Faisal Basri, Ekonom Senior yang Kritis kemudian Jernih Mempelajari Persoalan Perekonomian

JAKARTA – Faisal Basri dikenal sebagai sosok yang mana kritis terhadap berbagai situasi serta kebijakan ekonomi. Pandangan, pemikiran, hasil penelitian, juga analisa terkait perekonomian nasional telah lama sejumlah dipublikasikan.
Ekonom senior Faisal Basri yang tersebut meninggal dunia hari ini, Kamis (5/9/2024) pada usia 65 tahun diketahui sangat lugas di menyikapi perkembangan perekonomian nasional. Ia kerap menyampaikan kritik dengan lantang terhadap kebijakan dunia usaha pemerintah, hingga membuatnya lebih tinggi banyak menjaga jarak dengan kekuasaan.

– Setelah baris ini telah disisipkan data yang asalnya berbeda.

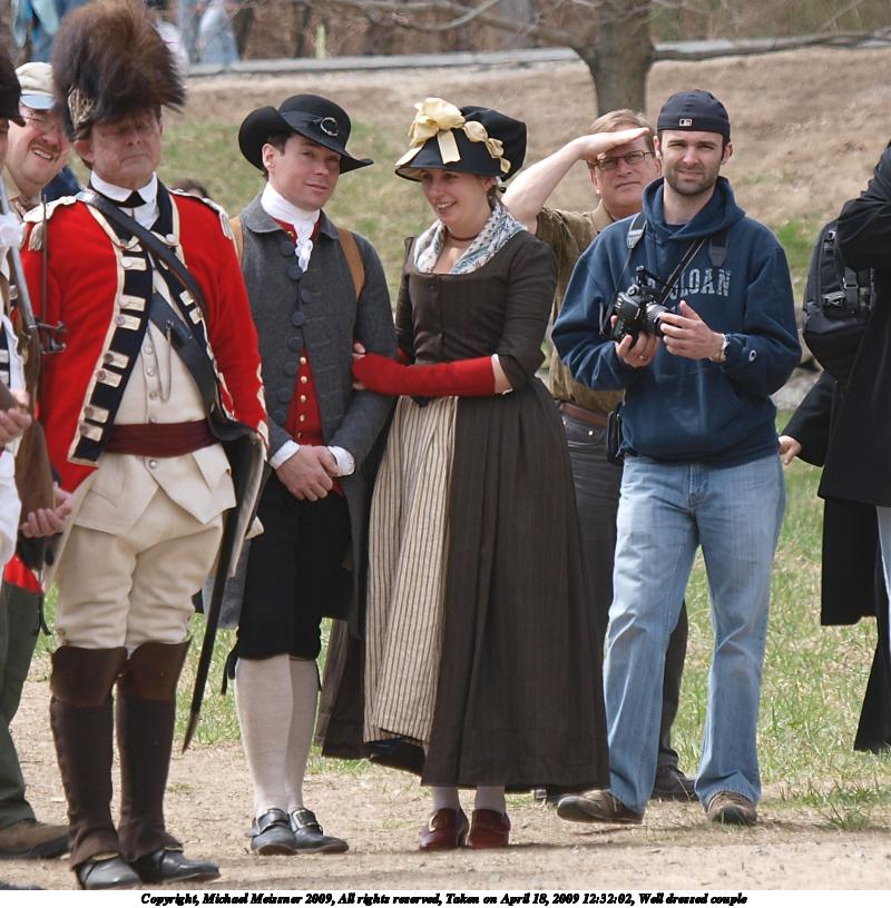 Picture #62: Well dressed couple 800x816, 125,090 bytes (123K), (html file) Copyright, Michael Meissner 2009, All rights reserved Olympus E-3 camera with Olympus 50-200mm f/2.8-3.5 lens and Olympus EC-14 (1.4x) f/4.5, ISO 100, 1/320 sec, 153.0mm, auto mode, natural color, matrix metering, IS1 (All Direction Shake IS) 35mm equivalent focal length 307.0mm, EC-14 Programs used: gimp Taken by Michael Meissner on April 18, 2009 12:32:02 Last modified on May 04, 2009 at 22:31 |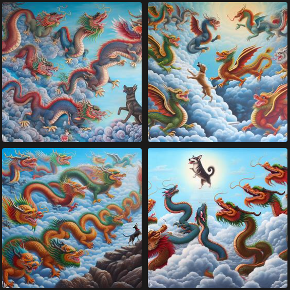 아주 거대한 용 9마리가 승천하는 모습이고 강아지 1마리가 용을 꼬리를 물고 같이 올라가는 그런 모습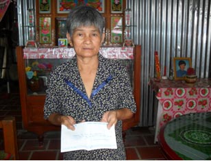 Bà Mai Thị Quẳn (cô ruột của mẹ Dình) đại diện nhận tiền từ thiện của bạn đọc gởi tặng.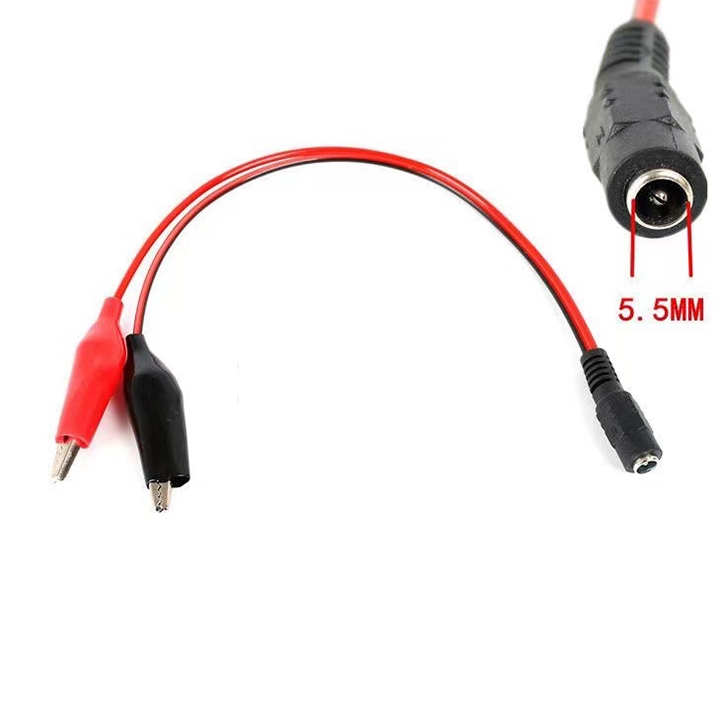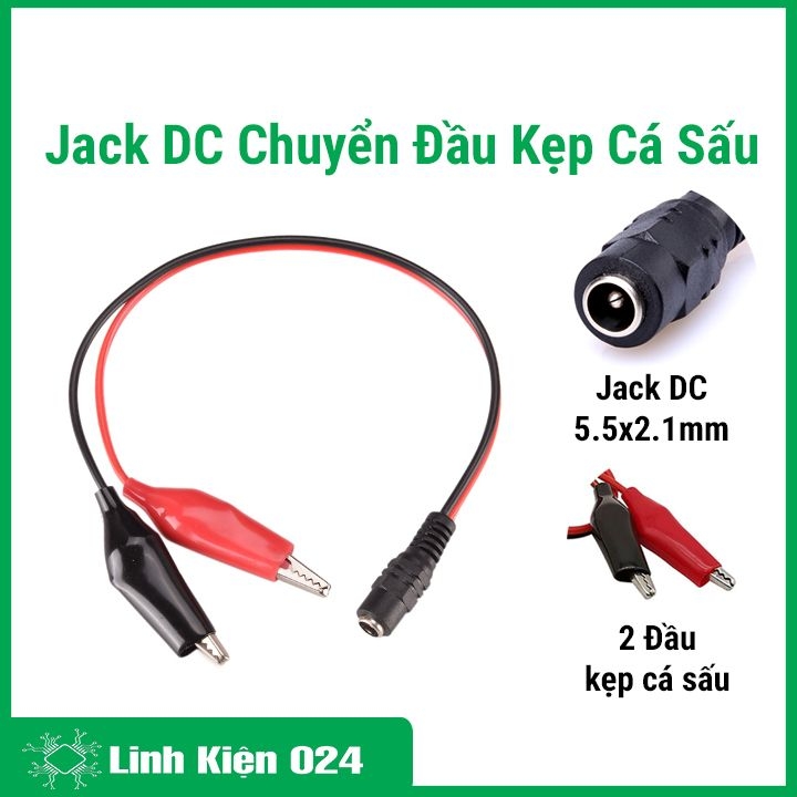 Jack DC chuyển đầu kẹp cá sấu là một loại dây/cáp kết nối điện, được thiết kế để chuyển đổi từ đầu cắm nguồn DC (thường là jack DC 5.5mm x 2.1mm hoặc 5.5mm x 2.5mm) sang 2 đầu kẹp cá sấu (một kẹp màu đỏ và một kẹp màu đen).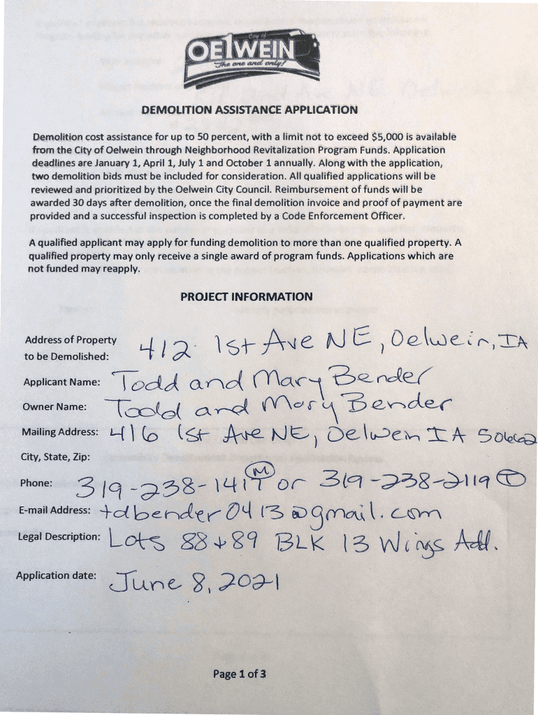 To fill out the application, applicants must provide information about the property to be demolished, the reason for demolition, and requested assistance.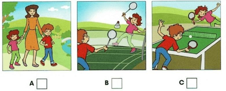 Look at the picture. Listen and draw lines. There is one example.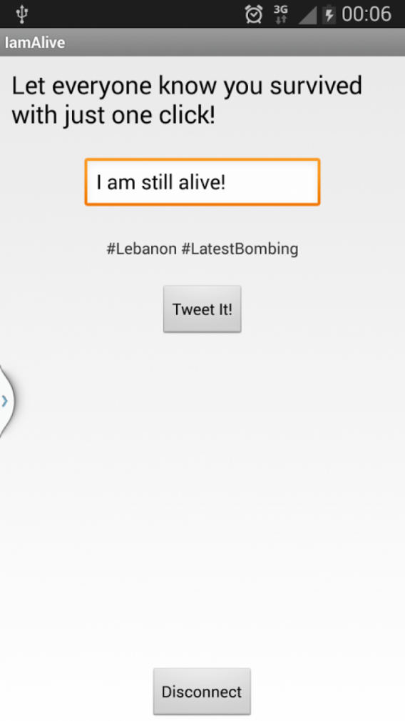 C'est à cause des nombreux attentats qui sévissent au Liban qu'une jeune étudiante libanaise, Sandra Hassan, a décidé de créer une application Android permettant de twitter "I am still alive !", traduit par « Je suis toujours en vie », suivi des hashtags #Lebanon (Liban) et #LatestBombing (Dernière explosion).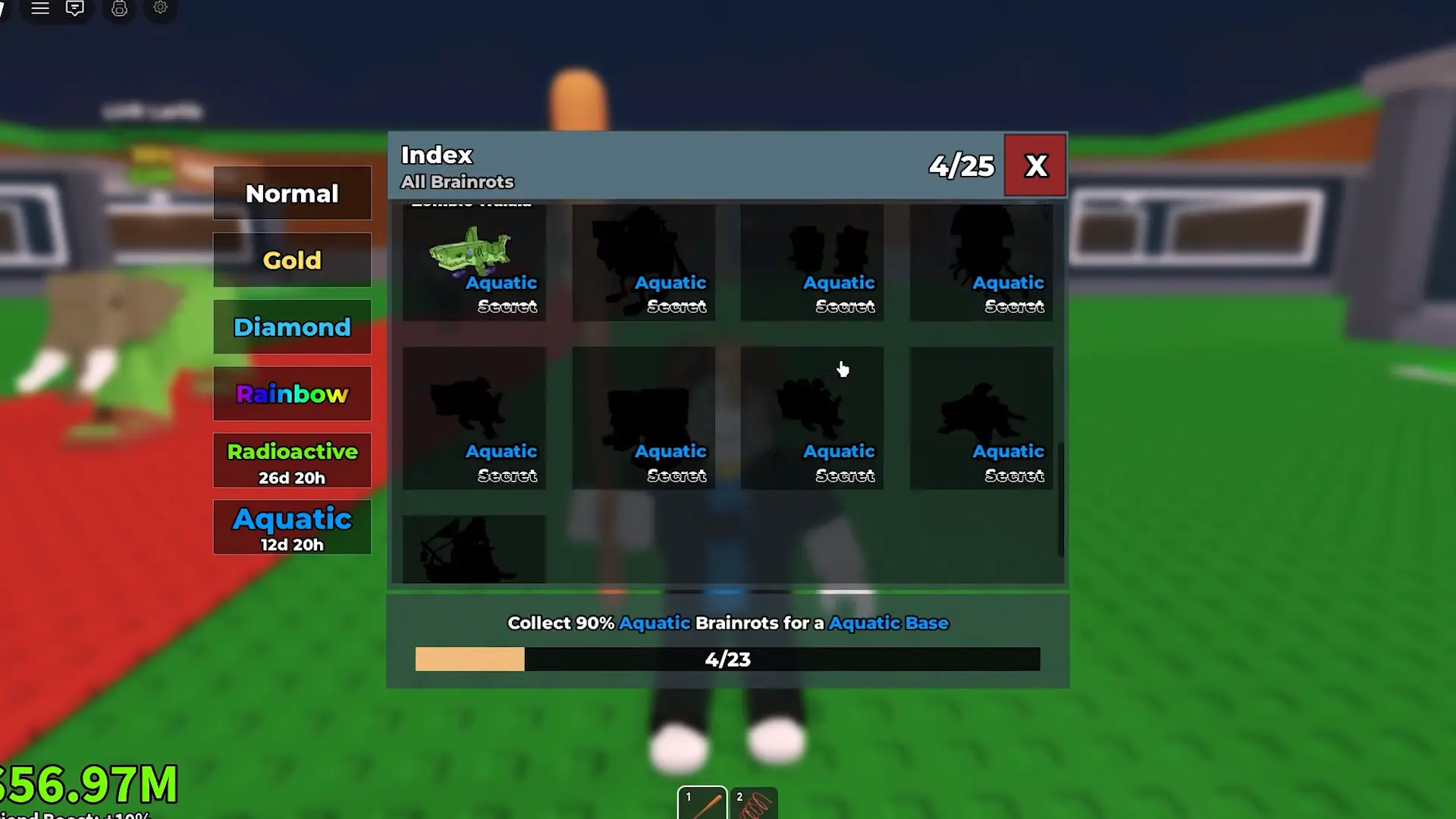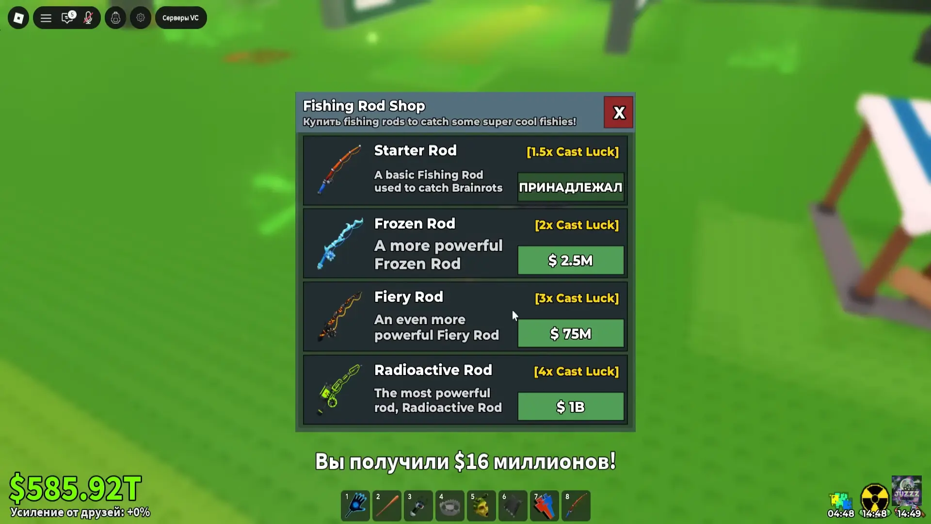 Каждая удочка имеет множитель удачи. Этот параметр не гарантирует выпадение редкого брейнрота, но ощутимо повышает шансы при идеальном забросе. Стартовый инструмент доступен всем без предварительных условий и дает базовый множитель в полтора раза. Остальные модели требуют определенное число перерождений и значительно увеличивают вероятность ценных поимок.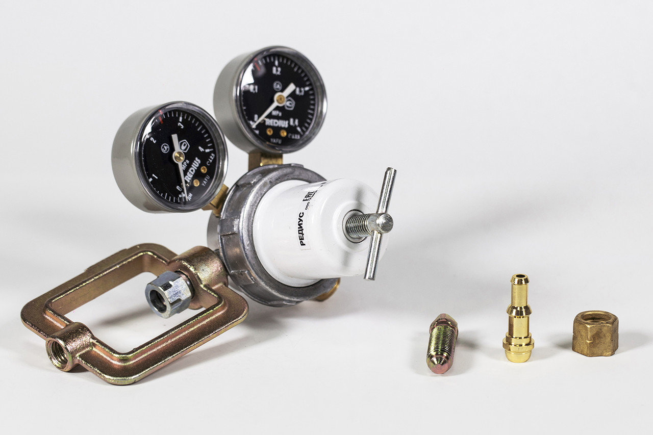 Давление в баллоне контролируется манометром высокого (входного) давления, а в рабочей камере — манометром низкого (выходного) давления. Отбор газа осуществляется через ниппель, который присоединяется к редуктору гайкой с резьбой М16?1,5LH. К ниппелю присоединяется рукав диаметром 9 или 6 мм, идущий к горелке или резаку.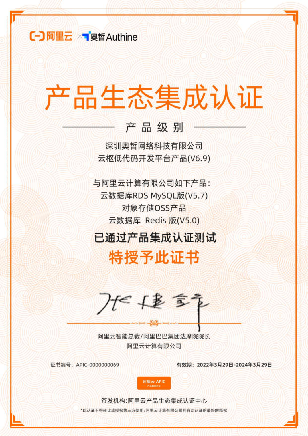 获得此认证,证明了奥哲·云枢的技术能力、产品应用水平已满足阿里云相关产品的适配性要求,奥哲·云枢可基于阿里云为技术底座,为用户提供可靠、有效的产品与解决方案技术服务,这为奥哲与阿里云生态的紧密合作提供了强力的技术保证。
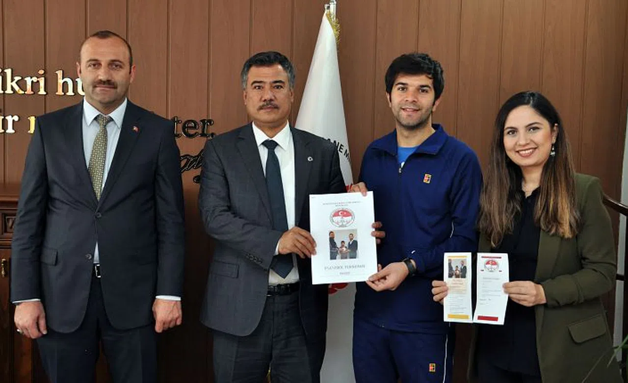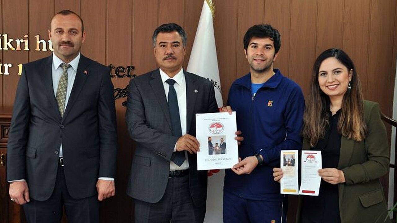 Okul Müdürü İsa Aslan beraberinde Beden Eğitimi Öğretmeni Ahmet Aydın ve Rehber Öğretmen Fatma Bektaş ile Milli Eğitim Müdür Seydi Doğan'ı ziyaret etti.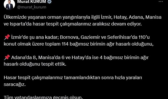 ÇEVRE, Şehircilik ve İklim Değişikliği Bakanı Murat Kurum, 5 ildeki orman yangınlarında 132 bağımsız birimin ağır hasar gördüğünü açıkladı.Çevre, Şehircilik ve İklim Değişikliği Bakanı Murat Kurum, sosyal medya hesabından yaptığı açıklamada, "Ülkemizde yaşanan orman yangınlarıyla ilgili İzmir, Hatay, Adana, Manisa ve Isparta'da hasar tespit çalışmalarımız devam ediyor. İzmir'de şu ana kadar; Bornova, Gaziemir ve Seferihisar'da 110'u konut olmak üzere toplam 114 bağımsız birimin ağır hasarlı olduğunu, Adana'da 8, Manisa'da 6 ve Hatay'da ise 4 bağımsız birimin ağır hasarlı olduğunu tespit ettik. Hasar tespit çalışmalarımız tamamlandıktan sonra hızla yaraları saracağız. Tüm vatandaşlarımıza geçmiş olsun" ifadelerini kullandı.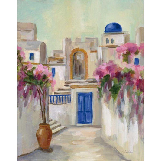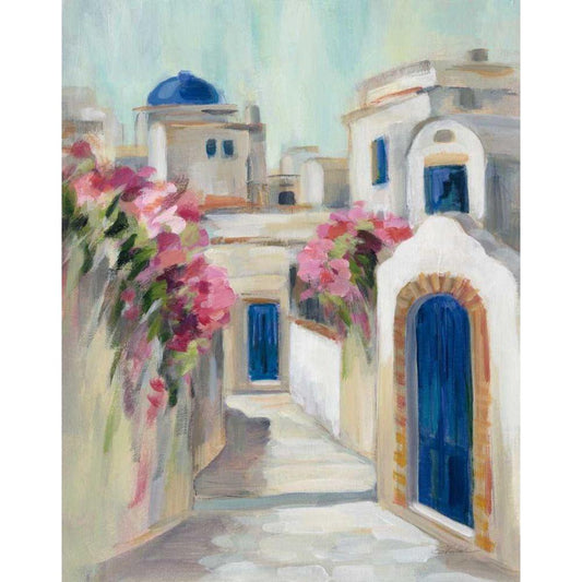 Santorini Street I Black Modern Wood Framed Art Print by Vassileva, Silvia
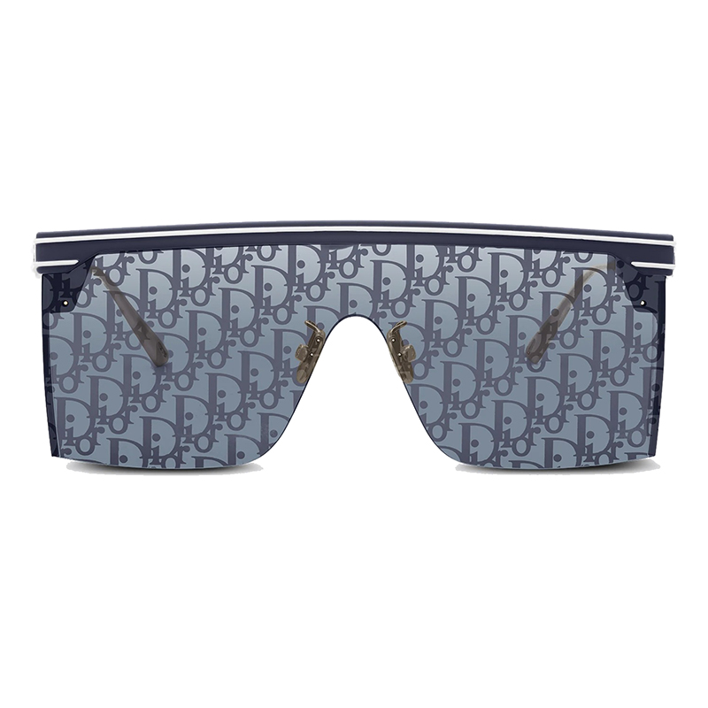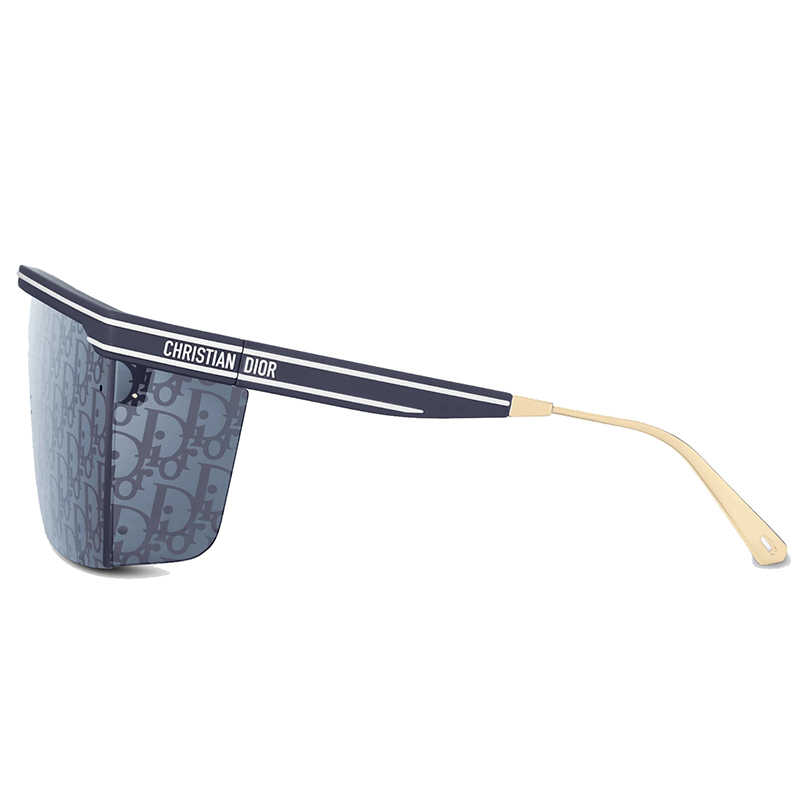DiorClub M1U太阳镜采用矩形面具形状,具有运动外观。在具有蓝色Dior斜纹图案的银色镜面镜片的连续性中,出现了大号扰流板,带来了时尚和图形感。哑光海军蓝色醋酸纤维镜架与线条细节和白色CHRISTIAN DIOR标志相搭配,具有光泽感。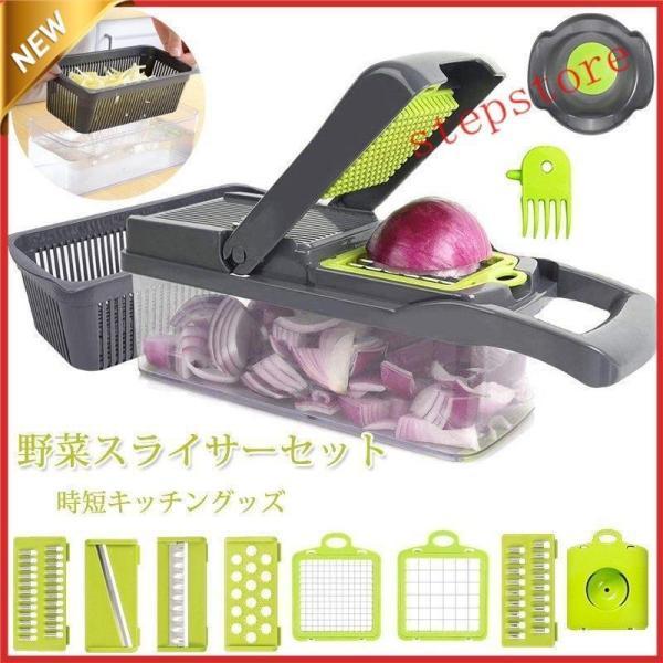 スライサー セット 野菜カッタ 1台9役 みじん切り 千切り薄切り水切り皿 卵白セパレーター カッター 果物 調理器セット スライス 安全ホルダー付き

Sepak terjangnya yang kritis serta lantang menyuarakan segala bentuk penyelewengan, penyuapan, kemudian korupsi menciptakan Faisal Basri mendapatkan label “Pejuang Anti Korupsi 2003,” yang dimaksud diberikan oleh Komunitas Profesional Madani (MPM), dalam Gedung Joang 45, Jakarta, pada 15 Januari 2004.
Pemikiran tajam Faisal Basri diakui oleh Eks Gubernur Ibukota 2017-2022, Anies Rasyid Baswedan yang mana menyampaikan duka cita mendalam melawan meninggalnya ekonom senior, Faisal Basri pada Kamis (5/9/2024) dini hari tadi.
“Inalillahi wa inna ilaihi raji’un. Berduka mendalam mendengar kabar berpulangnya Bang @FaisalBasri. Insan cendekia yang mana pemikirannya menerangi jalan, layaknya lentera di dalam berada dalam kabut. Kata-katanya rutin tajam, namun penuh dengan kebijaksanaan. Menuntun kita meninjau lebih tinggi jauh, melampaui apa yang tersebut tampak pada permukaan,” cuit Anies di laman X @aniesbaswedan.
Anies berharap seraya berdoa agar warisan pemikiran juga keberanian sosok Faisal Basri menjadi inspirasi bagi kita semua.
“Semoga warisan pemikiran kemudian keberanian beliau akan kekal menjadi inspirasi bagi kita semua. Semoga Allah SWT melapangkan jalan beliau, menerima amal kebaikannya, mengampuni segala khilaf nya, lalu memberikan ketabahan bagi keluarga yang dimaksud ditinggalkan. Aamiin yra,” ungkapnya.
Sekedar informasi, Faisal Basri meninggal dunia dalam RS Mayapada, Kuningan, Ibukota Indonesia Selatan pada Kamis (5/9) dini hari pada usia 65 tahun. Almarhum Faisal Basri akan disemayamkan di dalam rumah duka Komplek Gudang Peluru, Tebet, DKI Jakarta Selatan juga akan dimakamkan dalam TPU Menteng Pulo.
Kritik Pemerintah
Kritikan tiada bisa saja dilepas dari Faisal Basri, belum lama ini Ia memberikan pandangannya terkait situasi kemudian kondisi pemerintahan Presiden Joko Widodo pada 7 Februari 2024 atau seminggu jelang Pemilihan Presiden 2024.